**Your instructions**.
Each line between the one holding "270/165 г •" and the end of the material below, both included, is to be transcribed word for word, with pictures left out.

**Given data**.
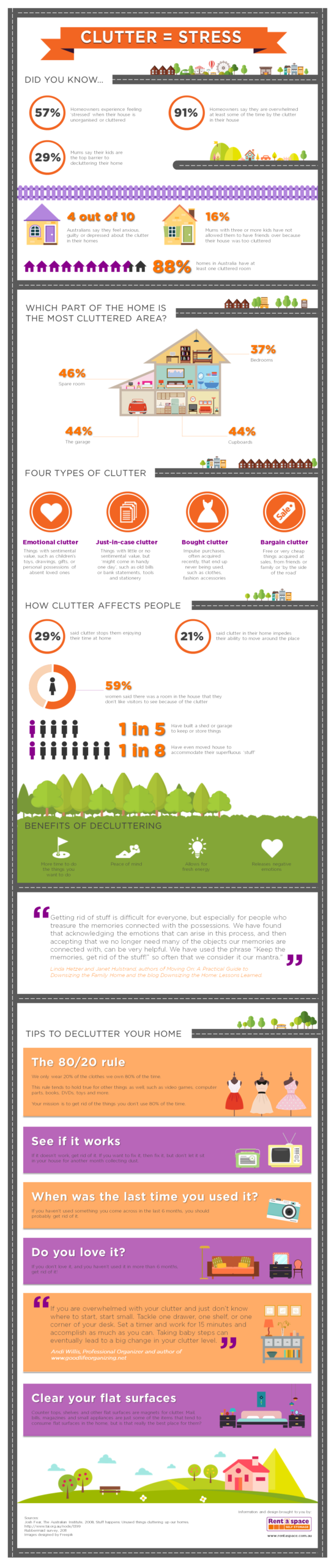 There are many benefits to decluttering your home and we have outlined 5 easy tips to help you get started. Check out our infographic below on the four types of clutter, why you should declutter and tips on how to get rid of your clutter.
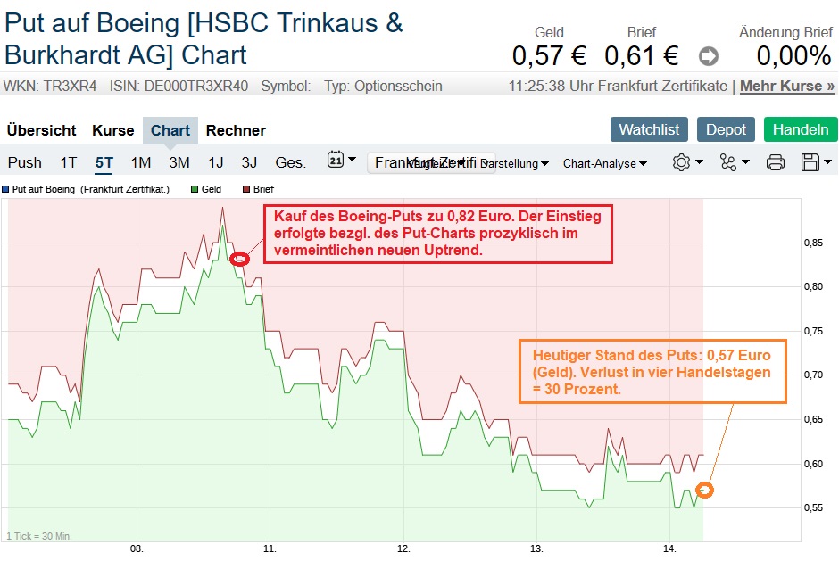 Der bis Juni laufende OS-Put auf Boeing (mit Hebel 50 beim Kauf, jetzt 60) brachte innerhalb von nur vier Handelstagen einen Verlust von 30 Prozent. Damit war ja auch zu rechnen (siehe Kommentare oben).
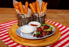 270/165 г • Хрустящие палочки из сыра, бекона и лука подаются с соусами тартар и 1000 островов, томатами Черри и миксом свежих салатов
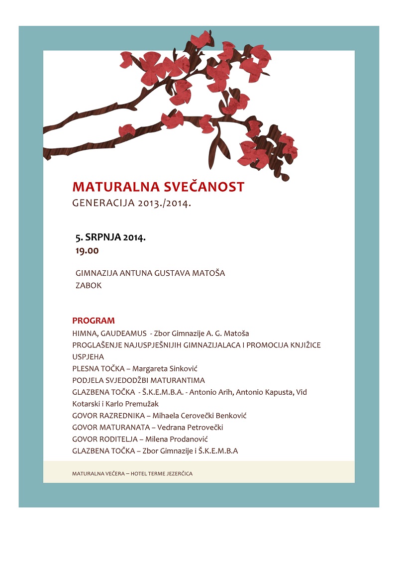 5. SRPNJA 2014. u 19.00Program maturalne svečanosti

**Response area**.
 270/165 г • Хрустящие палочки из сыра, бекона и лука подаются с соусами тартар и 1000 островов, томатами Черри и миксом свежих салатов
 5. SRPNJA 2014. u 19.00Program maturalne svečanosti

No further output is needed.